If your product uses one-time/lifetime pricing:

  • Optimal launch formula: Do NOT mention pricing. Post as a Project flair post showcasing the educational value or technical innovation. Let users discover pricing on the website.
  • Key risk: Rule 3 violation. If a mod detects commercial intent, the post gets removed. Frame everything as a learning project, not a product.

If your product uses subscription pricing:

  • Optimal launch formula: This is the hardest scenario. Post about the underlying technology or the problem you solved, not the product. Share a free component (open-source library, free tier, educational blog post) that stands on its own merit.
  • Key risk: "Another SaaS wrapper" reaction. The community is suspicious of subscription models in general and has zero tolerance for paid course promotion (Rule 3).

If your product was built with AI:

  • Optimal launch formula: Be transparent. The "no-magic" project (499 score) explicitly credited Claude as co-author and was well-received. Frame as "I designed the architecture and used AI for implementation."
  • Key risk: Being seen as "vibe-coded." The community values from-scratch understanding.

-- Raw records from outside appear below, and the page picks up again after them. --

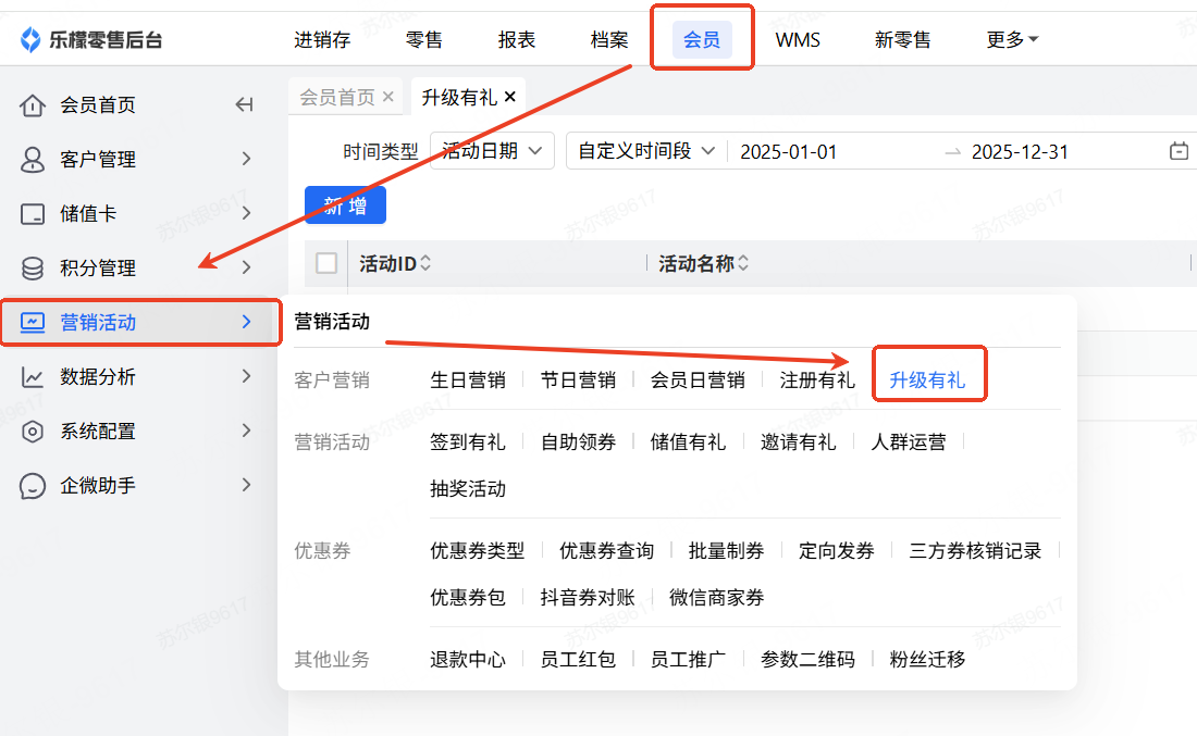 👉【操作路径】:·会员-营销活动-升级有礼
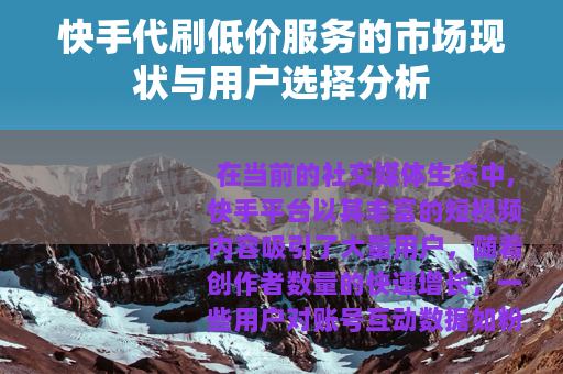 围绕快手平台的代刷低价服务是一个特定的市场现象,它反映了部分用户在内容创作与运营初期的现实需求,用户在考虑此类服务时,应基于充分的信息收集和理性评估,选择符合自身情况且操作方式相对可靠的服务提供方,并对其效果抱有理性的预期,在数字内容创作的道路上,持续产出优质内容、与观众建立真实连接,依然是获得长远发展的根本基石。
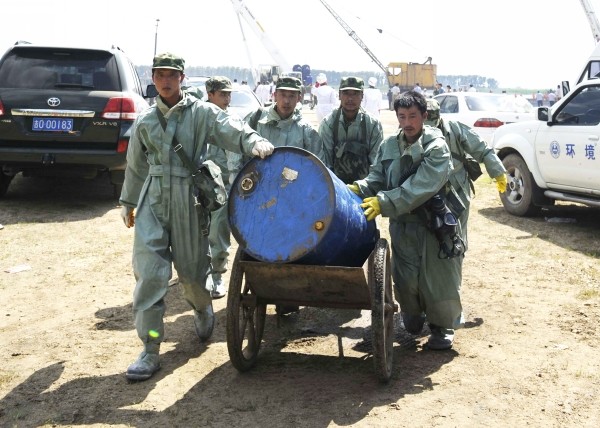图为:29日,救援人员在吉林省榆树市五棵树镇码头将打捞起的化工物料桶运往储存处。 (新华社发)
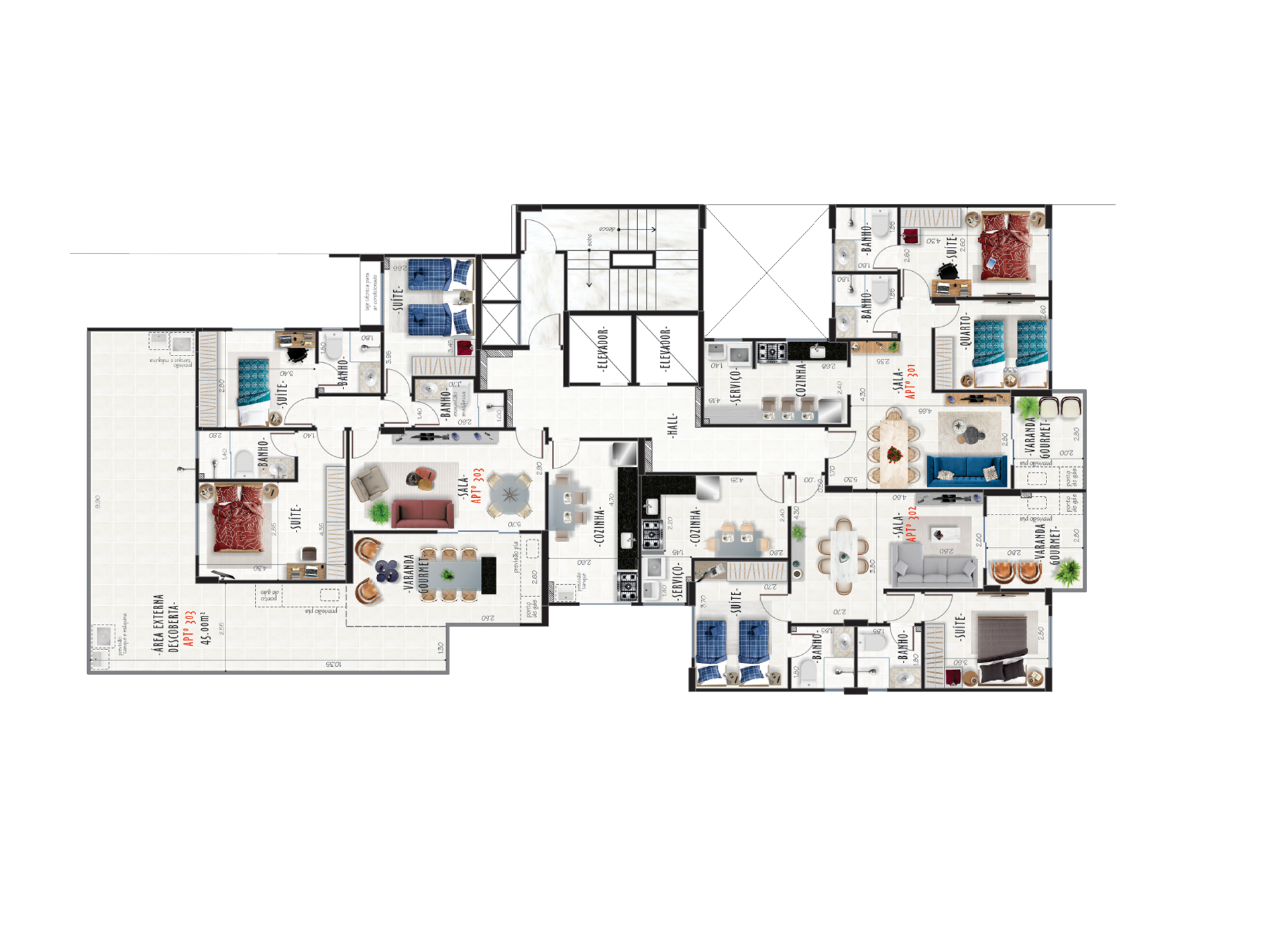 Opções em 02 quartos com 01 ou 02 suítes, ou 03 suítes.
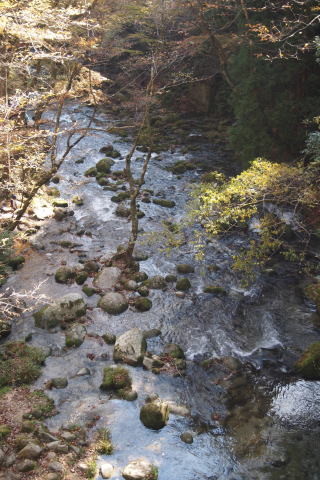 バスを降りて、花貫渓谷を歩きます。途中の山肌に石群が建っています。何か怖いものじゃないだろうな。しばらく歩くと不動の滝です。滝?滝かなあ?
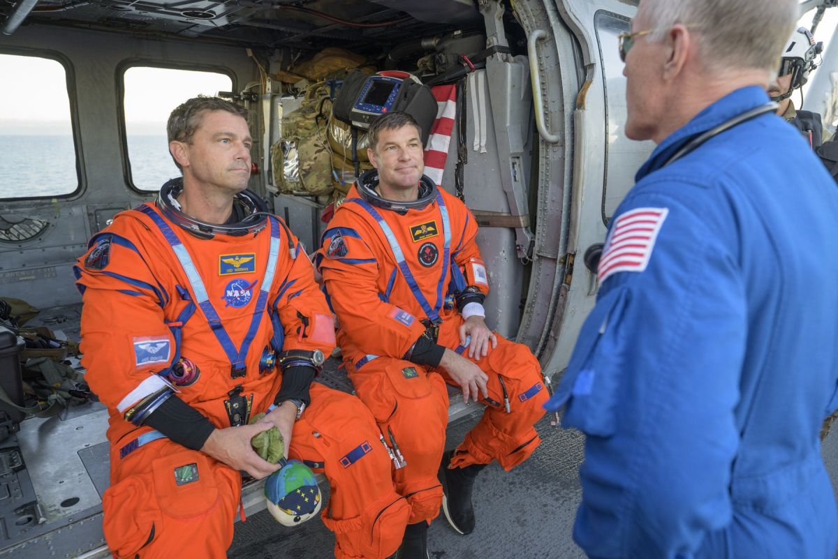Vesoljska kapsula je v morju pristala s pomočjo treh padal, ki so upočasnila njeno pristajanje. Po varnostnem pregledu so člani posadke drug za drugim zapustili kapsulo, s helikopterjem so jih nato premestili na ladjo ameriške mornarice, kjer so opravili prve zdravniške preglede.
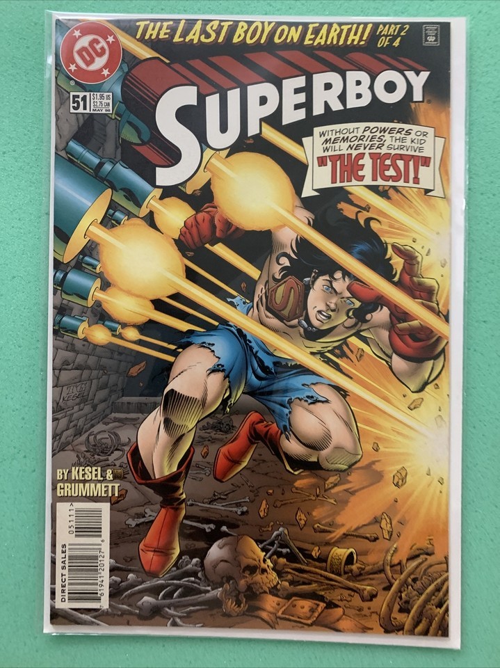 This is an amazing comic book featuring Superboy in his iconic red and blue outfit. It is a single issue of the series titled "Superboy #51" by DC Comics, published in 1998. The story follows the adventure of The Boys superhero team as they try to save the world from destruction.
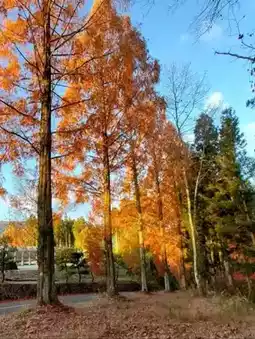 From mid-November to late November, the metasequoia tree-lined path of Kuma Country Club, which can be accessed from National Route 33, turns brown in autumn.

If AI wrote your code and you cannot explain it, the community will call you out.

Cross-Posting Guidance

Based on existing analyses of related subreddits:

  • On r/learnmachinelearning: Frame as "I built this to understand [concept]." Emphasize the learning journey.
  • On r/learnpython (if your tool uses Python): Frame as "I used Python to build [ML tool]." Emphasize the Python implementation details.
  • On r/webdev (if your tool has a web interface): Frame as "I built [web app] -- here's the tech stack." Post on Showoff Saturday only.
  • On r/MachineLearning: Only if your work has research-level novelty. Frame as "[R] or [P] -- Novel approach to [problem]."
  • On r/SideProject: Frame as "I built [product] -- here's the journey." Emphasize business context and user feedback.
  • On r/LocalLLaMA (if LLM-related): Frame around performance benchmarks and local deployment. Technical depth is essential.